Of course, being in my line of work as a credit coach -- and feeling a little motherly -- it's impossible for my thoughts to avoid the latest numbers from Knot.com that the average wedding cost $30,000, and 80 percent of couples will have to foot the bill themselves. Add to that, what the Wedding Report said that regarding credit, one in three couples covered wedding expenses with a credit card, 7 percent got a new credit card for wedding expenses and 9 percent took out a loan. Oh my! Certainly not the wedding present I would wish for them.
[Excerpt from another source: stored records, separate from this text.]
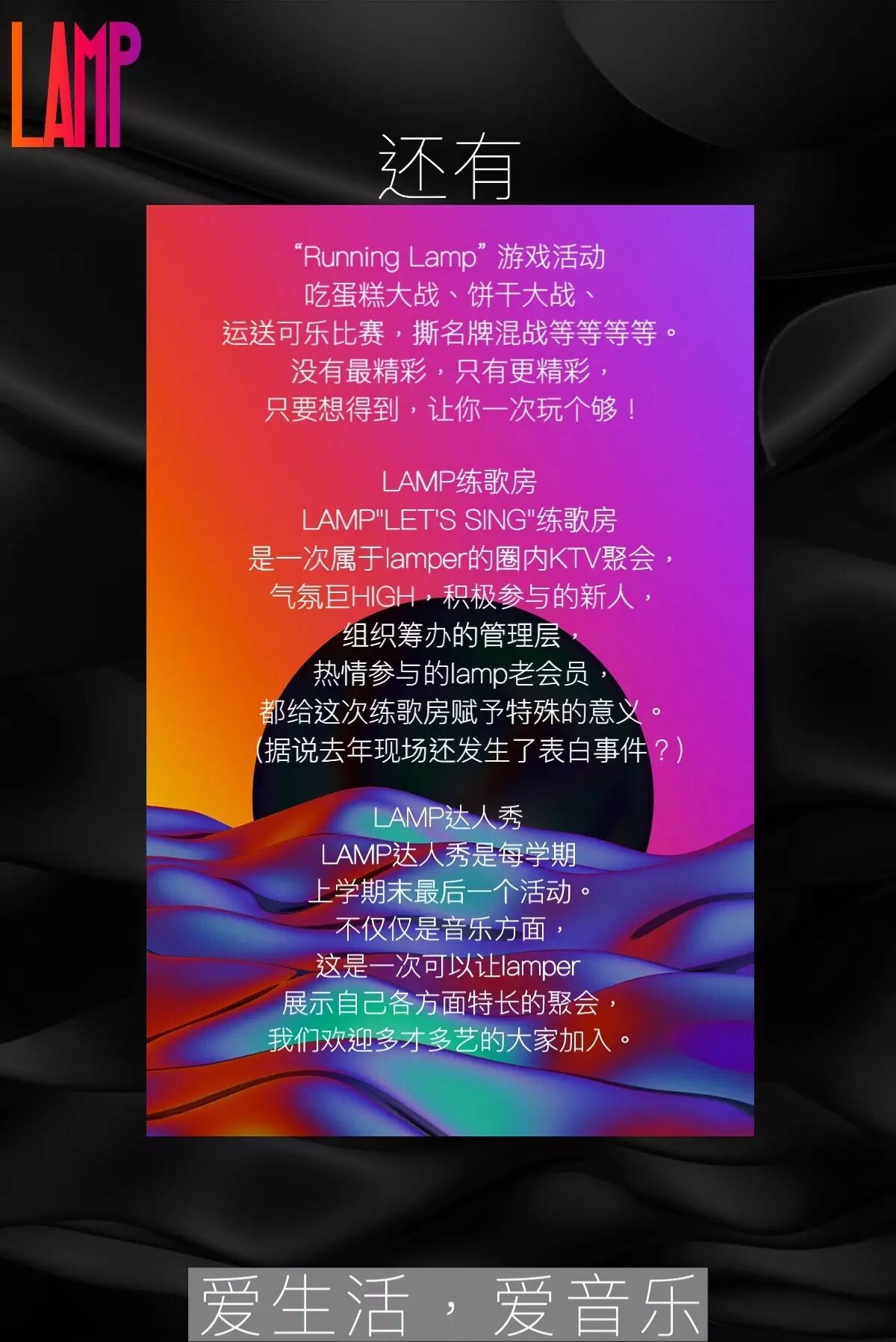 -“不,演绎部和乐队是作为LAMP文艺表演的主力军,在这一方面担任更多责任,但并不意味着只有加入演绎部和乐队才能参与表演,只要你敢想敢做,无论你在哪一个部门,都能拥有上台展现自己的机会。”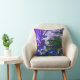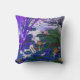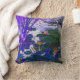 Waterlilies Blue es fotografía/arte digital combinado. Fotografía de estanques de hojas de lirio, picos altos de hojas de iris y agua. La parte digital es la mejora del color. El color es azul/violeta y tiñe las hojas y la hierba. El patrón está a ambos lados de la almohada.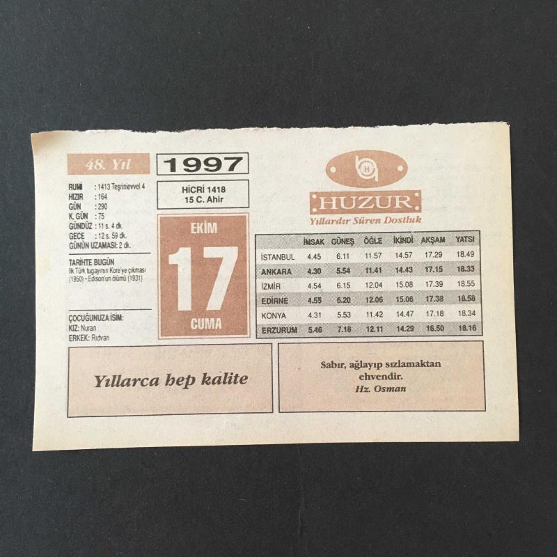 7 EKİM 1997 -TAKVİM YAPRAĞI-DOĞUM GÜNÜ HEDİYESİ-HUZUR TAKVİMİ,İLK TÜRK TUGAYININ KOREYE ÇIKMASI,1950,EDİSONUN ÖLÜMÜ 1931,ÇOCUĞUNUZA İSİM,ÖZÜR DİLEMEK AYIP DEĞİLDİR,HORLAMA başlıklı ürün, Efemera, Müzik, Sinema > Belge ve Evraklar > Takvimler kategorisi altında İkinci El olarak satılmaktadır.

So, you may ask, how would I advise this young couple if they were sitting here with me now on the patio sipping ice tea? I would start by asking them these three questions:
1. How compatible is your credit?
How we handle our finances and our credit can say a great deal about how mature we are, financially and in life. You probably want to avoid getting into a lifelong (marriage) commitment with someone you are not compatible with on a maturity level or credit level, for that matter. Also, keep in mind that there are so many opportunities now tied to our credit -- from insurance to employment -- that it's as important as ever to be mindful with your credit. Take the time before you are married to access your credit reports and discuss and share them together. This process builds trust and openness, two great additions to any marriage.
2. Have you planned how you as a couple will handle debt and credit?
It's a good chance that you will both enter the marriage with some debt , so before you are married, discuss how you both view the current debt, future debt, and create a plan of how you will together handle your credit. My words of advice? Simply put, remember that even though you are married you will each have your own credit score so reduce your household risk by keeping debts separate and avoid co-signing on any loans together (except your mortgage).
3. Do you have a plan to work on your finances together?
Financial issues are classically one of the most often fought about topics in marriage. So even before your marriage begins, make a plan to work on your family finances together. What can you do if you discover your financial and credit philosophies are not exactly compatible? The good news is that there is hope, you can build compatibility by creating goals together and creating steps together to achieve those financial and credit goals, whether it's buying a home or paying off student loan debt. Agree on your goals and create a plan together. Remember that it's natural for one person to be more interested in doing the family finances and that's fine. Let that person actually implement the plans that you work on together. The most important piece to ensure marriage longevity is that couples make financial decisions together.
So, let's raise our glasses in cheer to happy and (financially) healthy marriages for all of you planning to wed this summer!